**WHAT IS EXPECTED**
The answer must consist only of the lines in the records below from the line with "Comme on peut" to the line with "Tại buổi tập", both included, copied word for word with every picture left out.

-- SUPPLIED RECORDS follows --

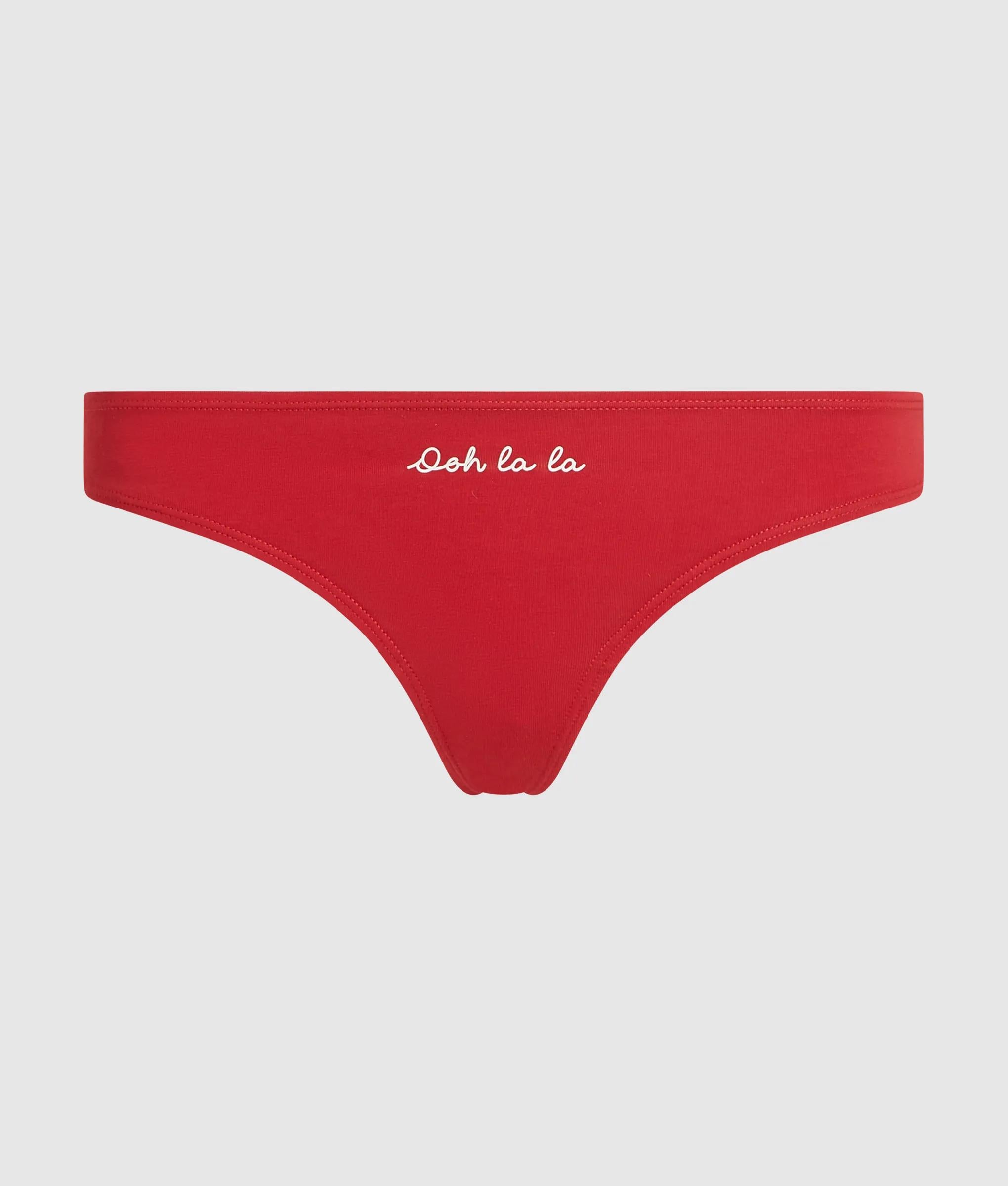 Te eleganckie figi wykonane z miękkiej bawełny organicznej zapewniają minimalne zakrycie, tworząc idealnie płynną sylwetkę. Każdy model zdobi inny napis wyrażający uczucie. J'adore.
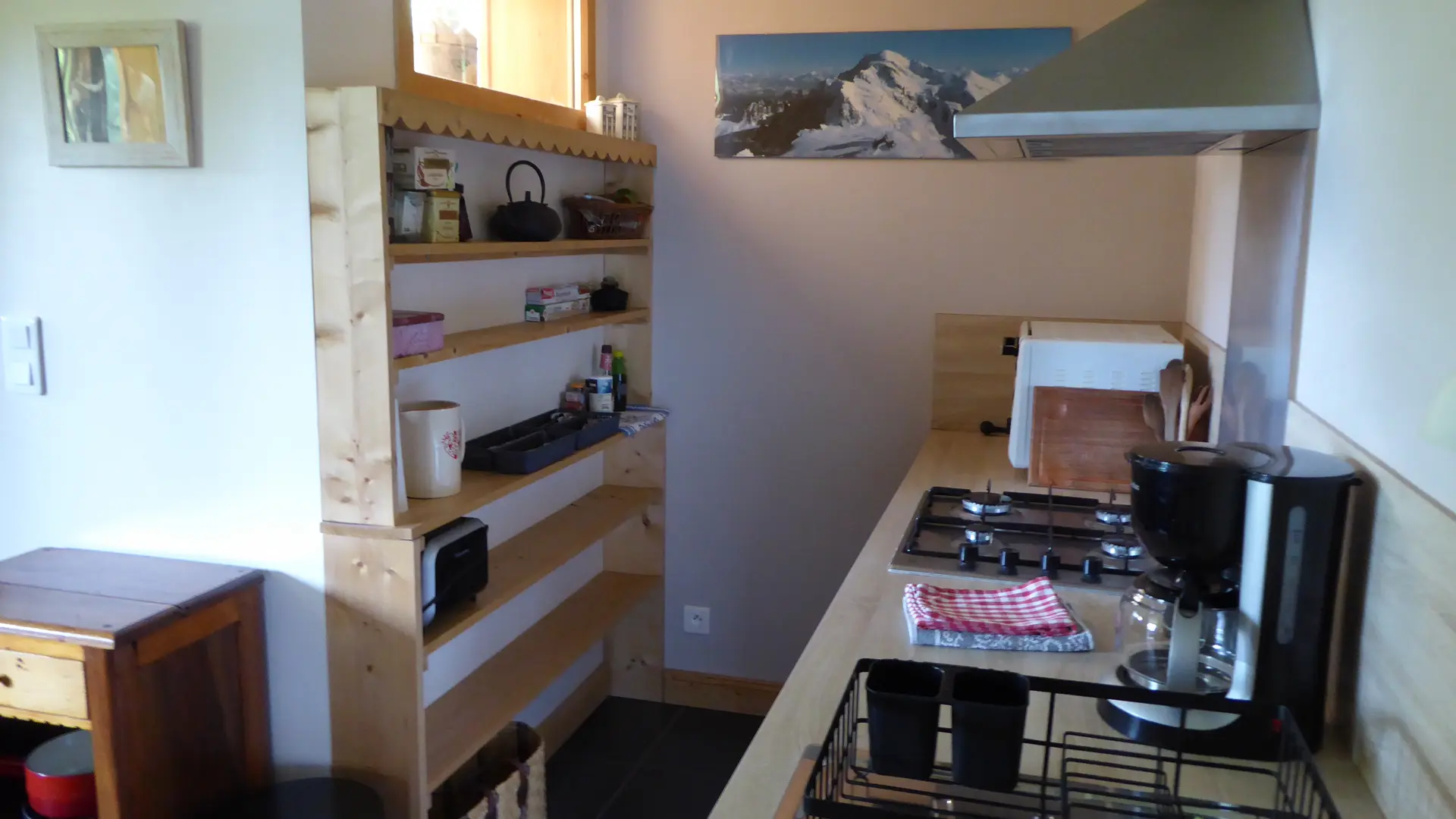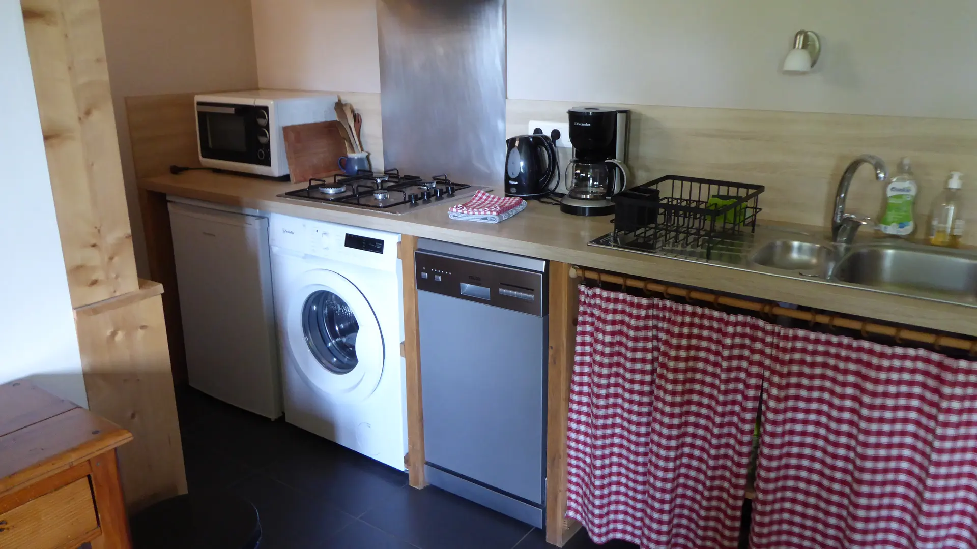 4 gaspitten, 1 mini-oven, vaatwasser, koelkast met vriesvak, wasmachine, waterkoker en koffiezetapparaat, raclette machine, fondue pan, mini-crêpe party, servies en bestek.
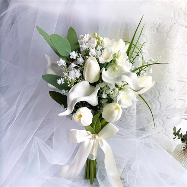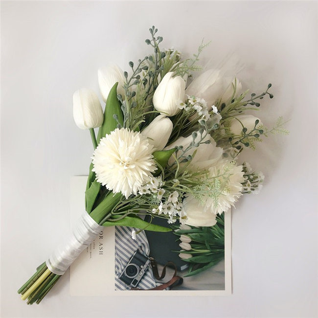 ホワイト チューリップウェディングブーケ 造花ブーケ ブライダルブーケ ラウンドブーケ トスブーケ 結婚式 花束
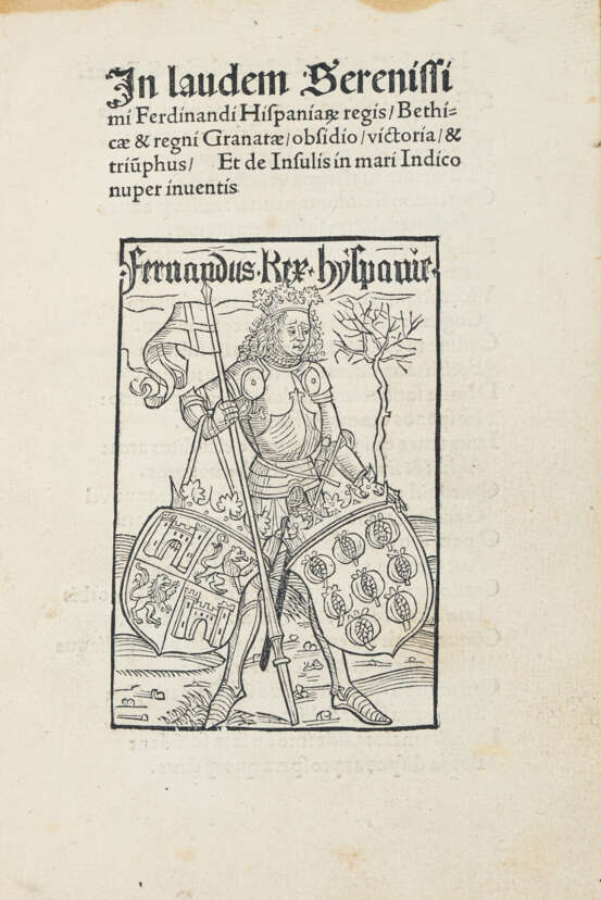 The Columbus letter is preceded by a drama in prose and verse celebrating the military campaign under Ferdinand and Isabella to capture Grenada, ending eight centuries of Muslim rule in Spain and Portugal. Written by Verardus and performed at Rome in 1492, editions were printed at Rome in 1492 and 1493. The conjunction of the two texts here serves to emphasize the power of Ferdinand and Isabella and celebrate their annus mirabilis of 1492 and is new to this edition, not present in the first Basel edition. Campbell, Earliest Printed Maps 70, pp.100-102; Church 8; Alden-Landis, 494/9; Sabin, 98923; Goff V-125; Davis, Fairfax-Murray, German, 424; Medina 15; JCB I, 25; ISTC iv00125000.
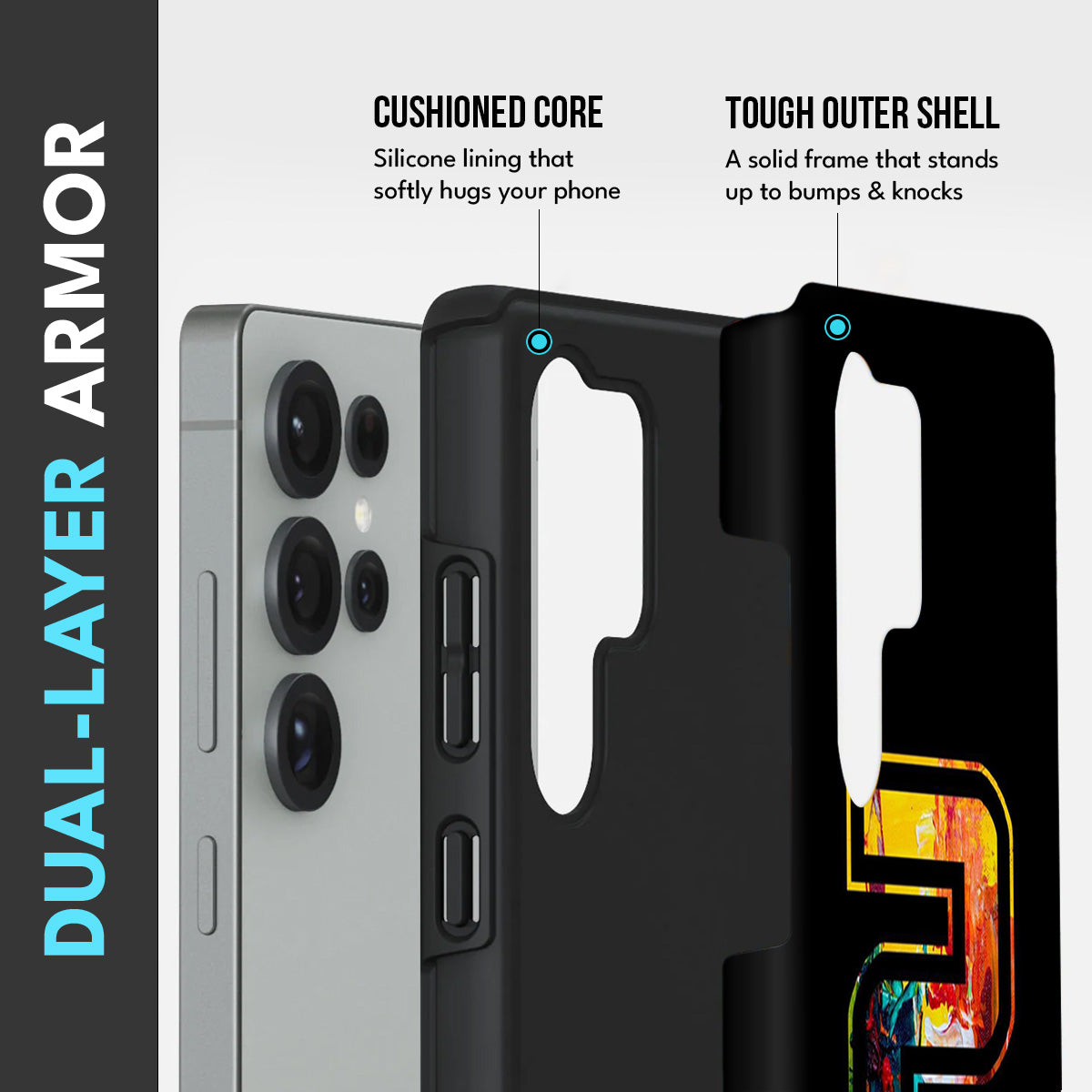 - Dual-Layer Protection: The phone case features silicon cushioning inside and a durable PC exterior outside.
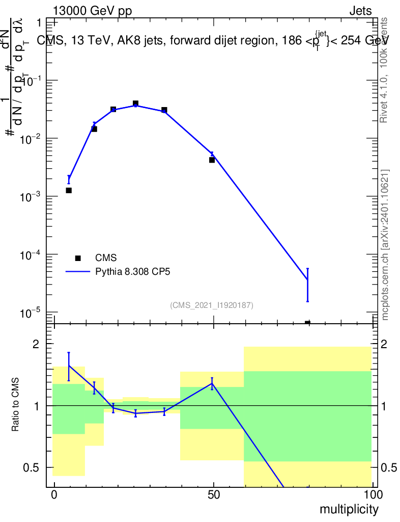 Lines: data, pythia8 8.308 CP5 |
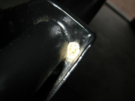 Comme on peut le voir sur les photos, en direct de la MMC, c'est livré pas peint dans les tubes, la peinture s'arrête à l'entrée des trous, sur une photo, on voit bien le fonds du tube sans la moindre goutte de peinture...même à l'extérieur, aux soudures, sur un simple coupe de chiffon, la peinture s'est envolée...
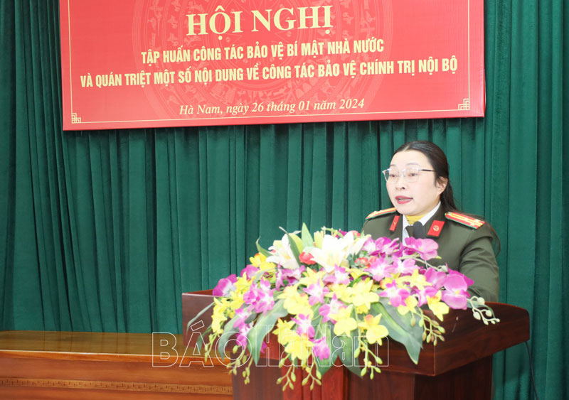 Tại buổi tập huấn, Thượng tá Nguyễn Thị Huệ, Phó Trưởng phòng An ninh chính trị nội bộ, Công an tỉnh đã truyền đạt các nội dung liên quan đến công tác bảo vệ chính trị nội bộ gắn với bí mật Nhà nước; những quy định của Luật Bảo vệ bí mật Nhà nước, các văn bản hướng dẫn thi hành, quy định, quy chế của Tỉnh ủy, UBND tỉnh liên quan đến bảo vệ bí mật Nhà nước; những nguy cơ dẫn đến lộ, lọt thông tin bí mật Nhà nước; các hành vi lừa đảo trên không gian mạng…
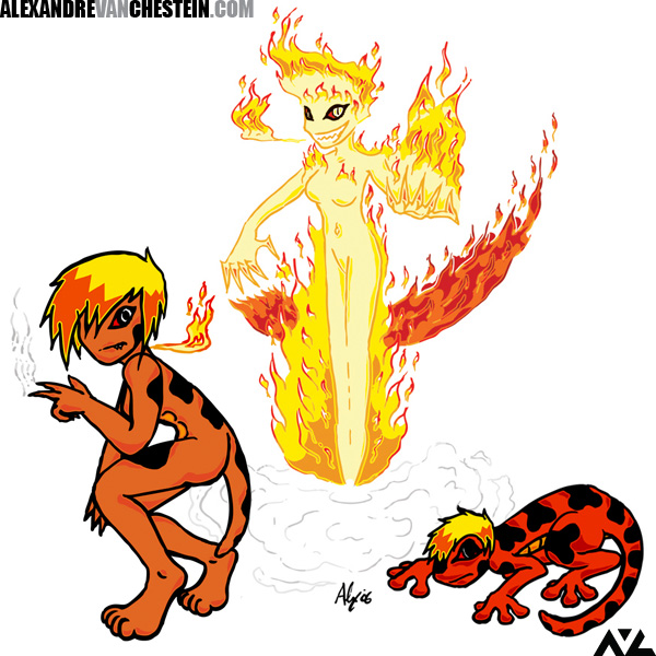 Tout a commencé avec un dessin au crayon de plomb qui fut ensuite numérisé et travaillé dans Photoshop. Des couleurs principales ont été ajoutées au personnage, ainsi qu'un jeu d'ombrages tenant compte de la lumière provenant du plancher. Les effets de lumières colorées furent ajoutées ensuite, créées de toute pièce dans le programme. Les réflections de lumières ont suivi, le tout se terminant avec un léger effet de filtre pour ajouter le brouillard. |

-- SUPPLIED RECORDS concluded --

**WRITTEN RESPONSE**
 Comme on peut le voir sur les photos, en direct de la MMC, c'est livré pas peint dans les tubes, la peinture s'arrête à l'entrée des trous, sur une photo, on voit bien le fonds du tube sans la moindre goutte de peinture...même à l'extérieur, aux soudures, sur un simple coupe de chiffon, la peinture s'est envolée...
 Tại buổi tập huấn, Thượng tá Nguyễn Thị Huệ, Phó Trưởng phòng An ninh chính trị nội bộ, Công an tỉnh đã truyền đạt các nội dung liên quan đến công tác bảo vệ chính trị nội bộ gắn với bí mật Nhà nước; những quy định của Luật Bảo vệ bí mật Nhà nước, các văn bản hướng dẫn thi hành, quy định, quy chế của Tỉnh ủy, UBND tỉnh liên quan đến bảo vệ bí mật Nhà nước; những nguy cơ dẫn đến lộ, lọt thông tin bí mật Nhà nước; các hành vi lừa đảo trên không gian mạng…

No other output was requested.